Me abrasan tus manos,
Me hielan los besos,
Que brotan tus labios
Violados y secos.
¡Qué pálida estás vida mía!
¡Qué aprisa respiras!
No tan cerca… me quema tu aliento…”

Mis padres han sido los dos grandes lectores, y como todo buen lector que se precie, en casa existe una colección de clásicos encuadernados en piel con las imágenes labradas en dorado (época de los 60´s), digamos que son unos 90-100 libros todos iguales, en negro y dorado, menos los tomos de “El Quijote” que son curiosamente delibro piel color rojo.

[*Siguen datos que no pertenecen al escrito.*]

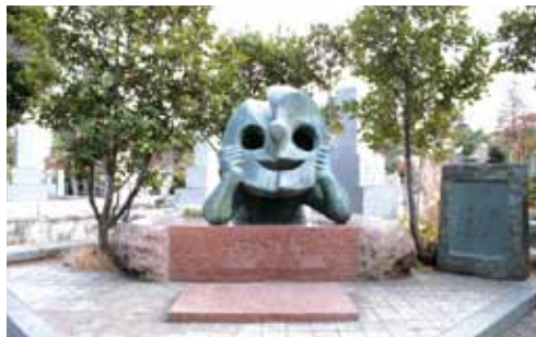
岡本太郎 (画家・彫刻家)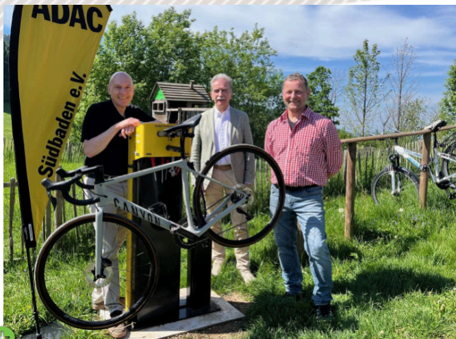
ADAC Südbaden, Holzschlägermatte, Allemagne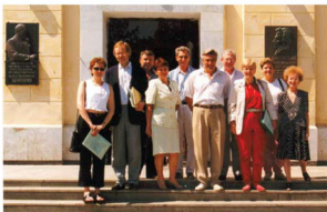
Встреча сотрудников ННГУ с делегацией университета Пьера-Мендеса Франса (г. Гренобль, Франция)

Российско-итальянский университет (1997) стал уникальным международным проектом, реализующим новые принципы интеграции российской высшей школы в европейское пространство. Он объединил Нижегородский государственный университет им. Н.И. Лобачевского и калабрийский Университет (Козенца, Италия).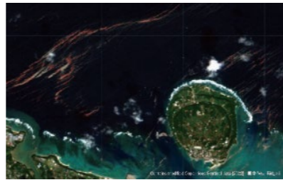
軽石部分をAIが赤く表示

受賞者は、専門家に依存しない衛星解析AIプラットフォーム「GRASP EARTH」で、光学やSARなど様々な衛星画像を「全地球対象」かつ「複数の撮影時間」で自動的に取得し、広域を時系列で比較し、変化の発見を可能とした。WEB上の簡単なUIで、衛星解析の知識が無いユーザーでも使用でき、公開後1000名超が利用している。光学やSARの衛星画像を専門家に依存しない形で解析できるようにしている点は、今後の宇宙データ利用に大きく寄与でき、環境問題・災害対策等の行政に幅広く使用可能であることが期待される。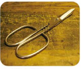
6 はか た ばさみ 博多鋏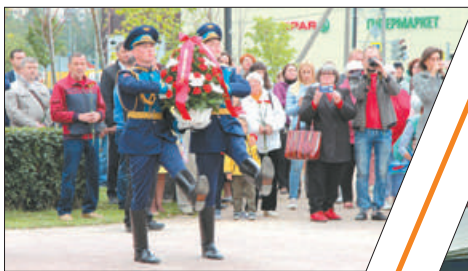
НЕВСКИЙ РАЙОН ОТМЕЧАЕТ ДЕНЬ ВДВ.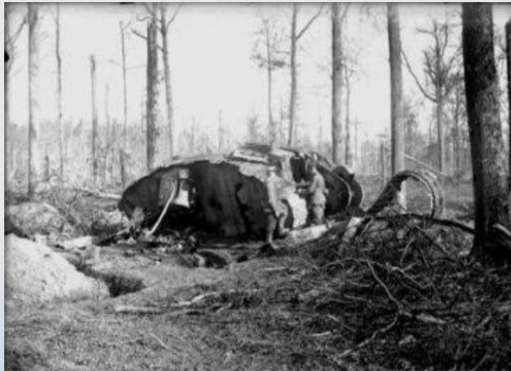
Битва при Камбре, 20 ноября 1917 г. Foto: A. Mg. 1111 November - October

Однако в результате стремительной атаки пехота отстала, а танки продвинулись далеко вперёд, понеся серьёзные потери. 30 ноября 2-я германская армия совершила внезапную контратаку, отбросив силы союзников на первоначальные рубежи. Несмотря на отражение атаки, танки доказали свою эффективность в бою, а сама битва положила начало широкому применению танков и развитию противотанковой обороны.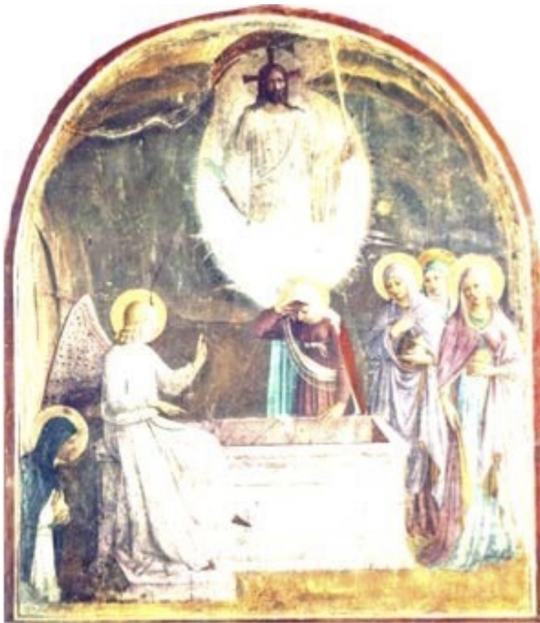
Фра Анджелико. Воскресение Христово.

Воскресший Иисус неоднократно являлся своим ученикам, беседовал с ними и, наконец, повелел апостолам отпра-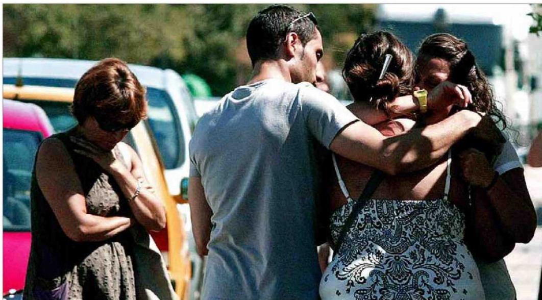
Una mujer recibe el consuelo de dos jóvenes, ayer, a las puertas del centro de acogida de Boecillo (Valladolid), donde ocurrió la tragedia.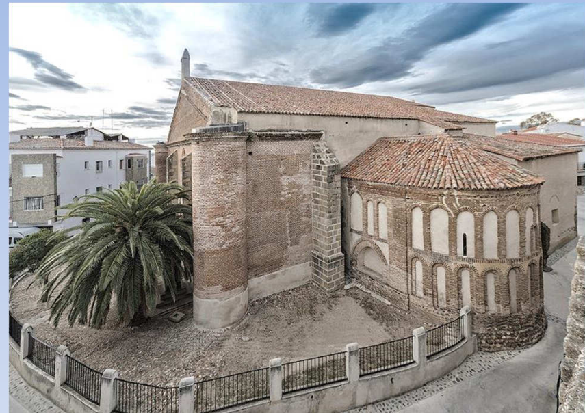
Parroquia de Nuestra Señora de la Asunción Galisteo

"[...] La Iglesia Diocesana favorecerá los mecanismos para ello [formación del laicado], dotando de la estructuras diocesanas, arciprestales y parroquiales que sean necesarias con capacidad de actualizar y complementar las orientaciones del presente Sínodo"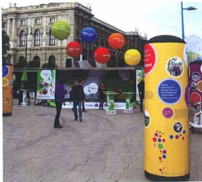
Balloonart Vienna stattet die „klima:aktiv mobil Tour 2010“ aus

Kahmann Frilla Lichtwerbung baut Leuchtschilder, -buchstaben und -displays in allen Größen, Formen und Auflagen – vom Leuchtlogo auf dem Donauturm bis zum Leuchtschild für den „Bäcker am Eck“. Neu im Portfolio sind maßgeschneiderte LED-Lösungen für großflächige, bewegte Anzeigen an Gebäudefassaden. Dazu wird Beratung hinsichtlich des kundenspezifischen Designs, der vollständigen Integration mit dem Gebäude und der hochwertigsten Image-Bild-Darstellung geboten. „Wir sind ein Familienbetrieb und somit das einzige österreichische Lichtwerbungs-Unternehmen, das in allen Produktionsschritten autark ist. Somit haben wir die Qualitätskontrolle und Wertschöpfung im Haus: von Grafik und Druck, über Sandstrahlerei und Kunststoffverarbeitung, bis zum Montagedienst. Wir setzen auf nachhaltige Beziehungen zu allen Partnern. Und wachsen damit auf gesunde Weise: in Österreich, der EU und im Osten“, erläutert Geschäftsführer Michael Kahmann das Erfolgsrezept von Kahmann Frilla Lichtwerbung.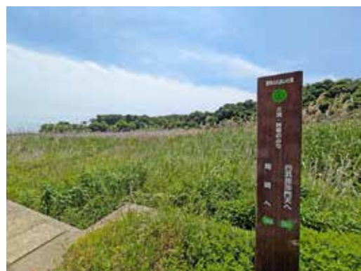
関東ふれあいの道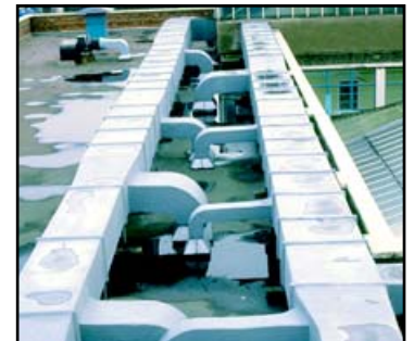
EQUIPO DE AIRE ACONDICIONADO Y VENTILACION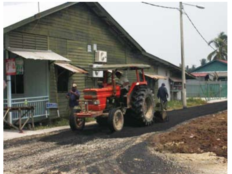
Kerja-kerja naik taraf jalan dilakukan dalam masa sehari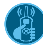
ROAM Remote Page 137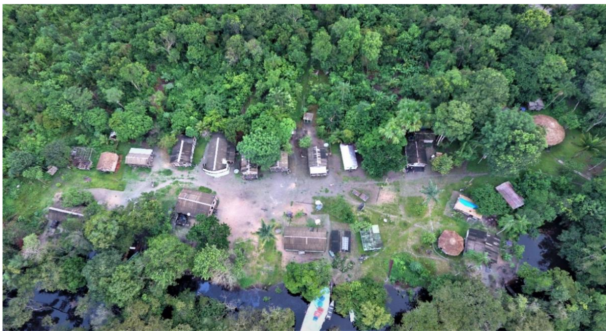
Figura 02 – Vista área da comunidade de Xixuaú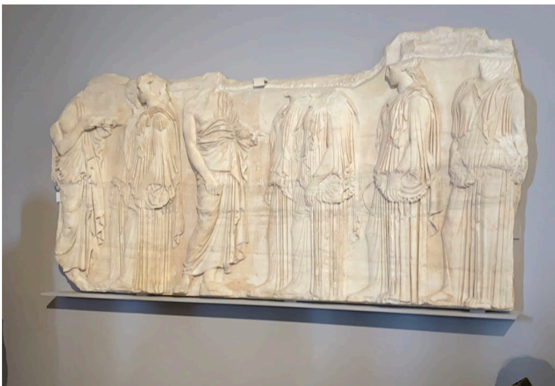
Κομμάτι της Ζωφόρου που εκτίθεται στο Μουσείο του Λούβρου Φώτο 15/08/2022

του Παρθενώνα στους εκάστοτε διευθυντές του Βρετανικού Μουσείου και τους διαδόχους τους επ' αορίστου. Η κυριότητα του Βρετανικού Μουσείου είναι αδιαφιλονίκητη για τα αγγλικά δικαστήρια. Η αρμόδια επιτροπή επί του θέματος αναγνώριζε την αξία των Γλυπτών μεν αλλά απόφυγε δε να αναφερθεί στο αμφισβητήσιμο ιδιοκτησιακό τίτλο του Έλγιν. Ταυτόχρονα η επιτροπή δεν έκανε οποιασδήποτε μορφής έλεγχο και ταυτοποίηση στα λεγόμενα του πρώην πρέσβη της. Η επιτροπή κρίνεται από ιστοριογράφους ότι φέρει ευθύνη για τα ελλιπή συμπεράσματά καθώς φαίνεται ότι δεν προσπάθησε να πάρει πληροφορίες κι από άλλες πηγές (Robertson, 2020: 106).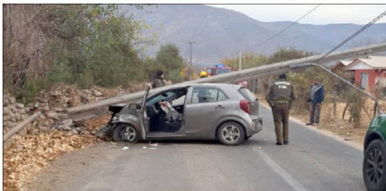
En esta posición y con airbag activado quedó el automóvil particular del suboficial de Carabineros Juan Santibáñez Sanhueza.

- Son lesiones de carácter grave, reservadas, al momento él se encuentra fuera de riesgo vital y obviamente como institución también lo estamos apoyando a él y a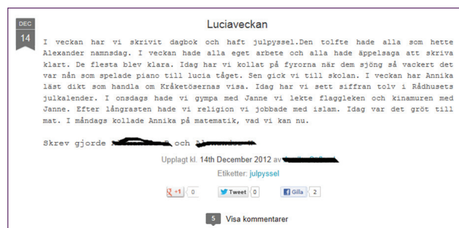
Bild 2. En klassblogg från årskurs 2.

I bild 2 finns ett autentiskt inlägg från en klassblogg från (den svenska grundskolans) årskurs 2. Eleverna får turas om att skriva inlägg. Materialiteten finns på riktigt, dvs. de sätter sig parvis vid datorn för att rapportera om vad som hänt i klassen, i det aktuella fallet Luciaveckan. Fröken stöttar om så behövs och är den som publicerar det färdiga inlägget.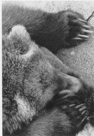
PLUMES, POILS & CIE

«LA POSTE DU GOTHARD», PAR RUDOLF KOLLER, 1874 PROPRIÉTÉ DU CRÉDIT SUISSE, ZURICH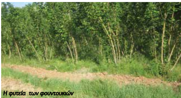
Η φυτεία των φουντουκιάων

φυτά του ίδιου δένδρου με «μολυσμένο» το ριζικό τους σύστημα με μύκητα τρούφας για πειραματική καλλιέργεια λόγω της μεγάλης αξίας της, εάν ευδοκιμήσει η καλλιέργειά της. Στο κτήμα υπάρχουν 15 στρέμματα μπλοκιδι (μπλιές) εγκαταλελειμμένα μεν, διότι έχουν φυτευτεί προ πεντηκονταετίας, αλλά διατηρητέα και προγραμματίζεται ο καθαρισμός και η συντήρηση της συγκεκριμένης φυτείας. Η φυτεία αυτή έχει μεγάλη σημασία, διότι το Κρατικό Κτήμα Βυτίνας είναι εγγεγραμμένο ως «διατηρητής» της συγκεκριμένης ποικιλίας μπλοκιδιών στον κοινοτικό κατάλογο δενδρωδών.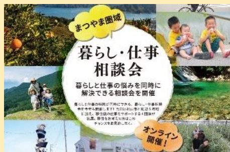
暮らし・仕事相談会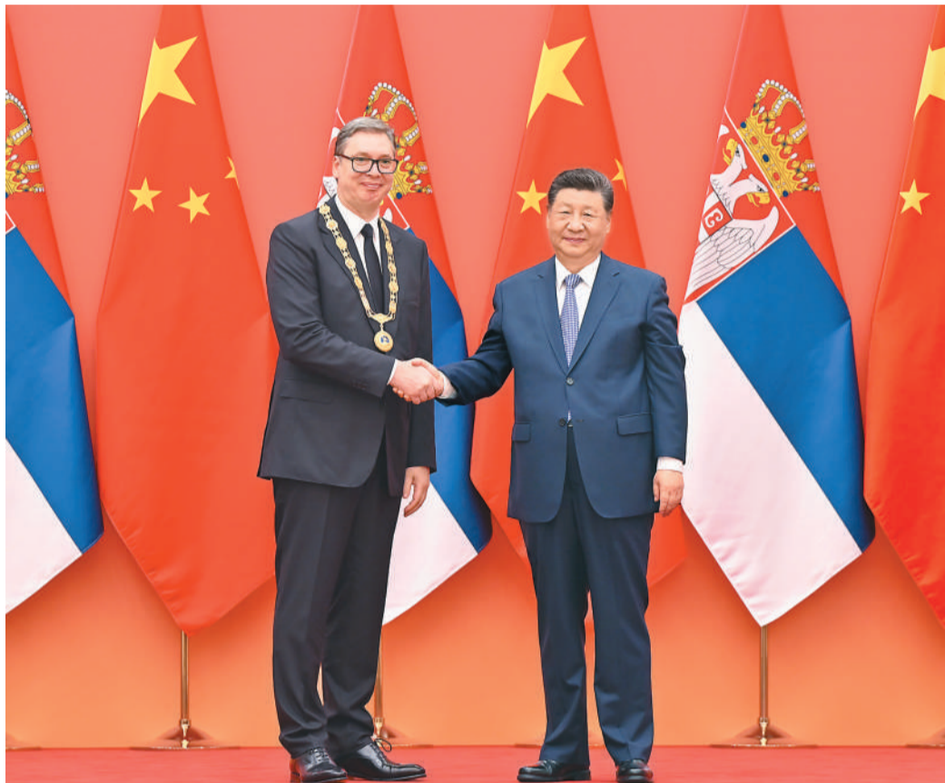
五月二十五日晚，国家主席习近平在北京人民大会堂为塞尔维亚总统武契奇举行“友谊勋章”颁授仪式。

本报北京5月25日电 5月25日晚，国家主席习近平在北京人民大会堂为塞尔维亚总统武契奇举行“友谊勋章”颁授仪式。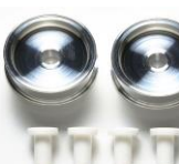
NOVITA' ricambi mini4wD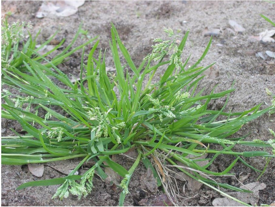
Slika 9. Poa annua L. – Jednogodišnja vlasnjača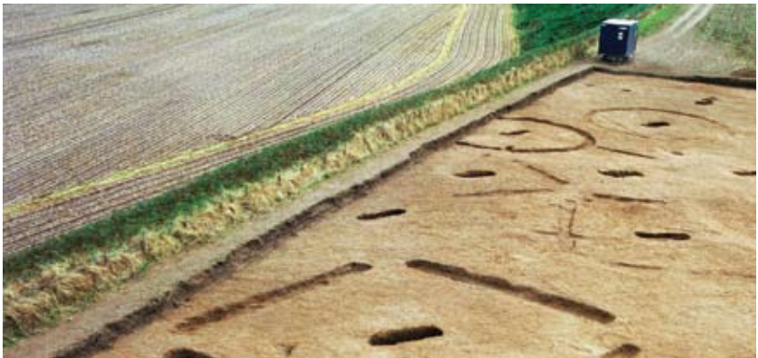
Faodaidh fianais àirseachail maireachdain dìreach fon talamh treabhaidh agus tha e mar sin ann an cumart a rèir atharrachaidhean ann an cleachdadh fearainn.

Ach, chan eil a h-uile gnìomh àiteachais air a chòmhdach gu nàdarra le ceadan clas. Tha e cudromach mothachadh gum feum atharrachaidhean leithid treabhadh nas duimhne, obair fon sgrath agus obraichean drèanaidh CCC, ach chan fheum atharrachadh bho treabhadh gu ìonaltradh.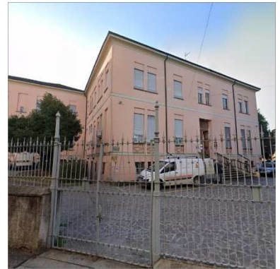
97. CENTRO DIOCESANO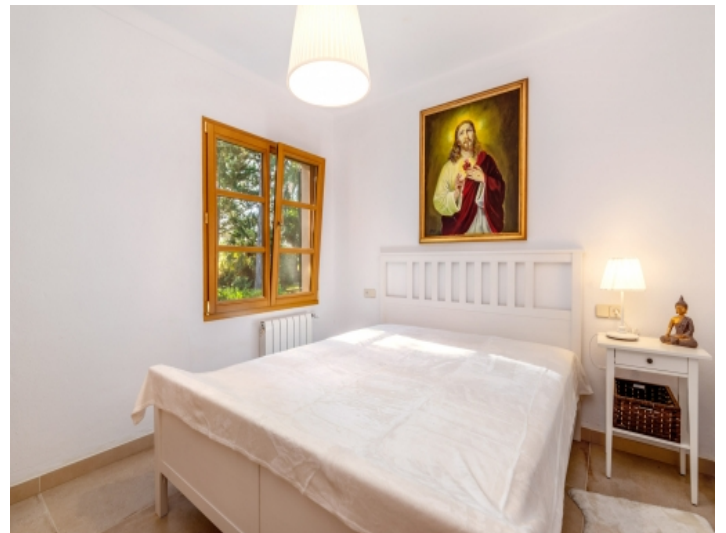
Eines von 2 Doppelzimmern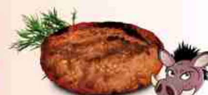
CINGHIALIX Hamburger di cinghiale F -18°C, 200 g c.ca x 20 pz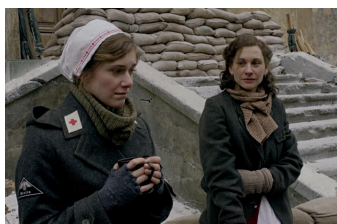
Unsere Mütter, unsere Väter (Zeitz)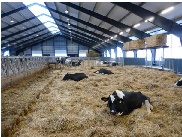
Figur 14: En 200 m 2 stor syge- og opstartsboks.

Besætningen har opført et nyt staldanlæg med to stalde. I den ene stald er der malkende køer. Den anden stald består af sengebåse på den ene side af foderbordet og dybstrøelse på den anden side af foderbordet. Cirka halvdelen af dybstrøelsen er to fælles højdrægtighedsområder med tilhørende enkeltkælvningsbokse, til henholdsvis højdrægtige kvier og køer. Resten af dybstrøelsen er en 200 m 2 stor syge- og opstartsboks (figur 14). På besøgsdagen gik der seks køer i boksen. I de 200 m 2 er der inkluderet inventar til to separate sygebokse som kan slås ud ved behov. Ved siden af sygeboksen er en permanent placeret klovbeskæringsboks med tilhørende drivgang (figur 15). Sygeboksen er placeret i forlængelse med malkestald og opsamlingsplads.

No recuerdo si era a mi padre o a mi madre quien más lo hacía, pero ambos me leían lo que os voy a contar, aunque creo que siempre fue mucho más mi padre que mi madre quien lo hacía y le gustaba mucho uno de los tomos que eran “poetas del siglo XVIII y XIX” y me leían siempre el poema “Nieblas” de Manuel Paso Cano, yo no sabía todavía leer, corría el año 1973 y contaba con 3 añitos, lo curioso que cuentan en mi casa, es que cambiaban el libro de sitio cada vez (yo me acuerdo que no siempre estaba en el mismo lugar, de eso si tengo conciencia), y yo sin saber por qué, iba y me quedaba de pie como una estatua mirando los lomos, de repente hacía un gesto rápido para coger el libro sin equivocarme y lo abría por la última página (curiosamente es el último poema del libro), y le decía bien a mi padre o a mi madre: “léeme el poema otra vez”… ellos seguramente estaban hartos de leerme siempre la misma página, de hecho recuerdo que se lo sabían de memoria, y yo también. Aunque ya no recuerdo el poema entero, sí me sé aun ciertos trozos, que supongo, sin terminar de entenderlos a esa edad sí me marcaron.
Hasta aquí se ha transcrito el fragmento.